Sylvest then introduces nuclear realism as a fusion of realism, in terms of how to understand politics and radicalism regarding a more or less possible solution to avoid the potential devastating consequences of nuclear weapons. The focus of the event was on the critique of nuclear deterrence, present in the early 1950s, lead by Bertrand Russell (an outspoken proponent of nuclear disarmament), Lewis Mumford (philosopher of technology), John H. Herz (best known for the security dilemma) and Günther Anders (philosopher and anti-nuclear activist).

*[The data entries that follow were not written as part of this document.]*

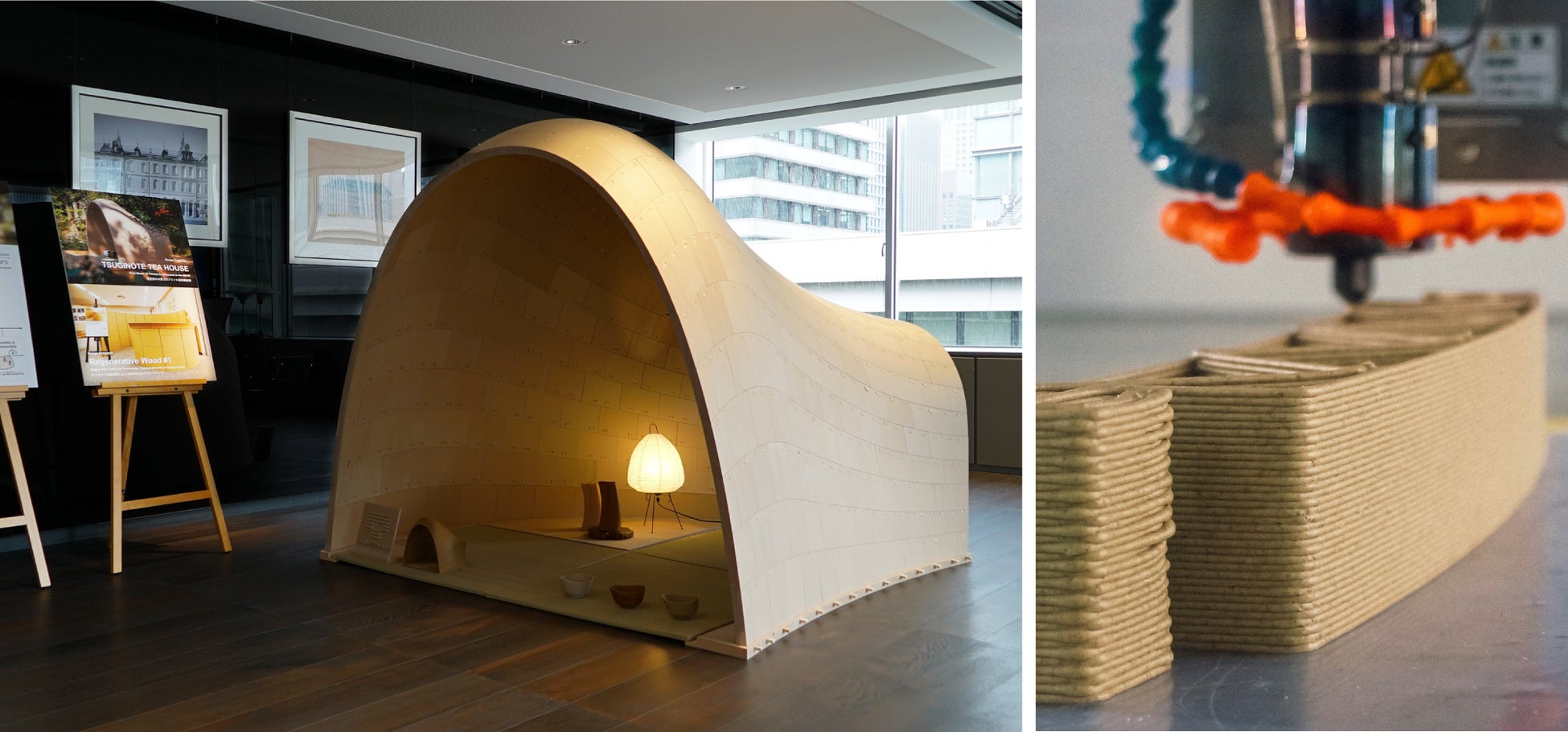 株式会社三菱地所設計(本店所在地:東京都千代⽥区丸の内、代表取締役社⻑:谷澤 淳一)は、当社デザインスタジオおよび木質建築ラボにて、建築や家具のデザインから施工までに至る、木質3Dプリントを用いた生産システム『Regenerative Wood(リジェネラティブ・ウッド)』(以下、本システム)を構築し、そのプロトタイプと位置付けた、世界初※の木質3Dプリント建築物「TSUGINOTE TEA HOUSE」を、当社本店 総合受付に展示しておりますことをお知らせいたします。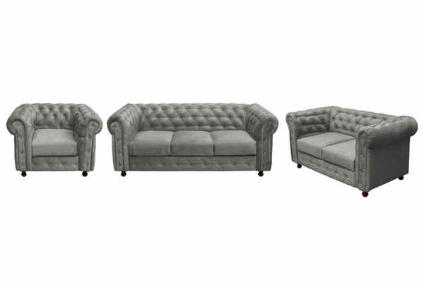 Set CHESTERFIELD 3-2-1, canapea extensibila 3 locuri, canapea fixa 2 locuri si fotoliu fix, gri deschis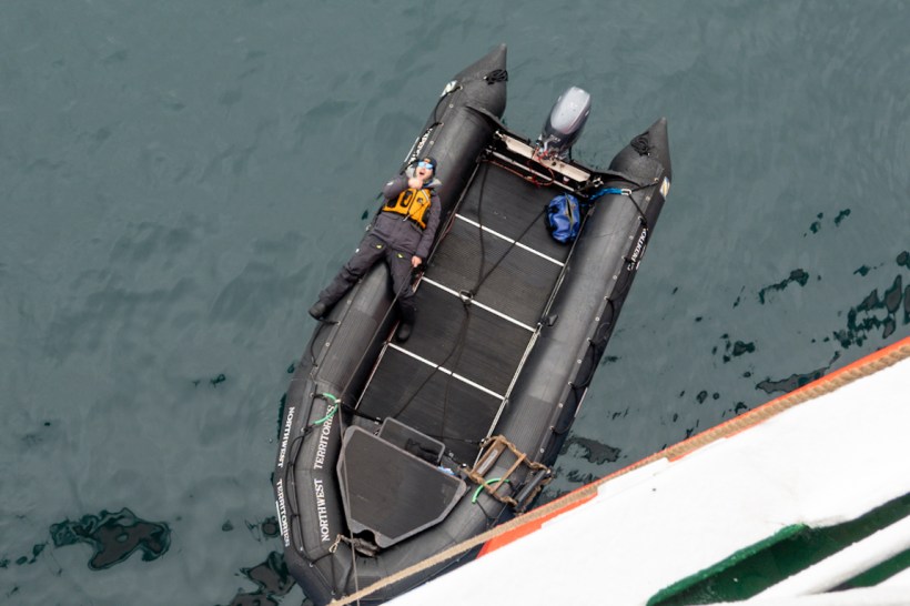 I got my towel, my hug and my shot and hung around for a bit to cheer a few more people on. My biggest worry was getting warm again but honestly once you’re wrapped up it really doesn’t take long and there’s a sauna right there if you really need it. We got dressed and went up to the top deck to watch a few more people execute all manner of jumps ranging from graceful headlong dives to comedy belly flops to one guy who decided to jump in backwards and nearly smacked his face on the gangway. Matt was in a zodiac, I assume in case anyone needed rescuing, and he was a one man comedy show. He was absolutely cracking us up with his one liners.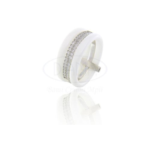 Каблучка срібна з білою ювелірною керамікою, а також з подвійною доріжкою з білого циркону. Срібло 925 проби, покрите родієм.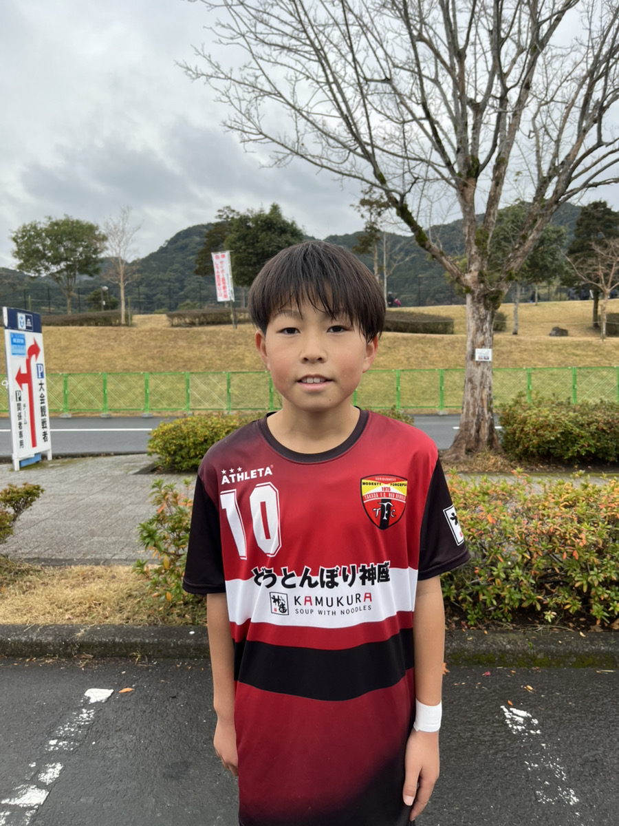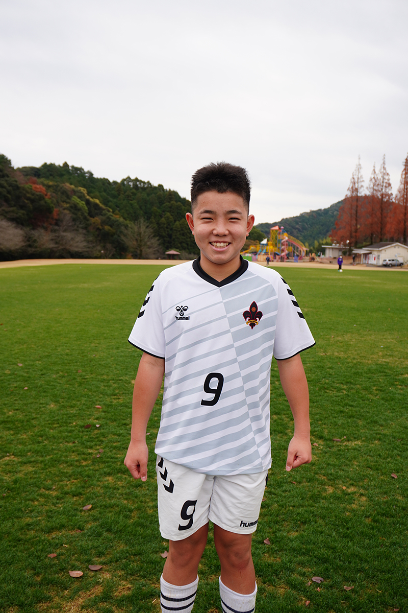 「チームとして勝ち切るということを目標にしてきたので、全国大会に出ることができてとても嬉しいです。ネイマール選手(ブラジル代表、アル・ヒラル所属)が憧れなのですが、同じ左サイドやトップ下として、ドリブルやシュートでのチャンスメイクでチームに貢献できるプレーが得意です。これまで家族みんなで試合の応援をしてくれていて、今回の大会にも来てくれました。家族の期待に応えられるように精一杯これからも努力して、夢であるプロサッカー選手になりたいです!」

The forthcoming book, he explained, is divided in five main chapters: 1) The atomic age and the new knowledge economy – which criticizes the device for production of knowledge, stating that much of the research in the time surrounding the 1950s, was financed by the Ministry of Research. 2) Limits of war and rationality in the thermonuclear age – which criticizes the reductionist tendency to make everything about rationality without reason, stating that the deterrence theory undermines unavoidable mechanisms in international relations such as diplomacy and balance of power. 3) Security and liberty – criticizing the term “national security” (questioning what national and security means and if one can even argue for security in a nuclear age), as well as the culture of secrecy created by the state as a nuclear statehood, stating that it has fatal consequences for democracy as it should be. And lastly chapter 4) Technology and ecology, and 5) Reimagining the future – both focusing on the concern for global population growth and the need to deal with the fact that, we in the nuclear age and forward, are producing self-defeating technology, with Bertrand Russell stating the need for world government as a solution.
After the presentation of the book and the term Nuclear Realism, the event was completed with an open debate and the opportunity to ask Sylvest questions. Another professor at SDU, with well-known close relations to international relations theory, Sten Rynning, was attending and raised the question of how nuclear realism is associated with the realism, generally associated with international relations. with nuclear realism’s focus on hypothetical scenarios and “thinking the impossible”, as to which Sylvest clarifies that nuclear realism is an attempt to merge a realist way of understanding politics with a radical solution to avoid the world (allegedly) defeat itself.
So to make a kind of conclusion: Nuclear Realism: Global Political Thought during the Thermonuclear Revolution is a discussed issues in the amotic age according to realist-radical theoreticians, putting nuclear technology on the agenda – once again.